Smartphones packing Intel Merrifield launching in 2014

Chipmaker to ship Bay Trail tablets at the end of 2013.

Intel showed off its latest smartphone reference design at Computex, in Taiwan, as the chipmaker looks to make up ground in the mobile market.

Tom Kilroy, executive vice president at Intel revealed a smartphone running the Merrifield processor, the codenamed given to the forthcoming 22nm Atom system-on-chips (SoCs).

He claimed that the Merrifield chip will deliver twice the performance of its predecessor and devices will officially be launched at Mobile World Congress in 2014.

Kilroy also claimed that the Merrifield chips will offer "much improved" battery life although he declined to go into specifics.

Meanwhile, he confirmed tablets powered by Bay Trail processors will ship later in 2013. These will be available in quad-core varieties, offer twice the performance of the previous generation and support resolutions up to 2560 x 1440, he explained.
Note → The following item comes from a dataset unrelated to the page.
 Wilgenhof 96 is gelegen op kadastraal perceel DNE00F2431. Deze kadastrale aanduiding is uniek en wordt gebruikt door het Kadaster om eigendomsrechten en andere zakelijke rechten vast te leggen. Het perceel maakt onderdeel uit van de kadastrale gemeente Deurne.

Tablets using Bay Trail processors will offer up to 8 hours of battery life and will support both the Android and Windows platforms, according to Intel.
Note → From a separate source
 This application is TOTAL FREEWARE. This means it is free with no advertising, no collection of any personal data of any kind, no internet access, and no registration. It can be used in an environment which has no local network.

The next-gen devices using Bay Trail and Merrifield are also expected to be able to support 4G connectivity. This will be done by incorporating the Intel XMM 7160 modem into devices.
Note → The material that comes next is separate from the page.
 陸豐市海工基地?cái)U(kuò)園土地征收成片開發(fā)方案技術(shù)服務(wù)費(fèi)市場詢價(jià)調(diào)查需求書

At present there is no timeframe for when Intel's chip will have 4G functionality built into chips, but this shouldn't pose too much of a problem as the 7160 modem is small enough to be used in smartphones.

Intel has confirmed to IT Pro devices running its chips will be 4G-ready in "Q1 2014, in conjunction with carrier readiness".

The launch of the next-gen Atom chips marks an important milestone for Intel as it goes head-to-head with ARM licensees such as Qualcomm.

Atom chips are found in a handful of smartphones at present including the Motorola Razr i. However, Intel is expected to kick-on with a number of contract wins including a possible tie up with Samsung.

Both the Merrifield and Bay Trail processors are based on the revamped architecture codenamed "Silvermount". This is the first redesign of the Atom since it was first introduced in netbooks in 2008, and represents the start of a yearly refresh cycle.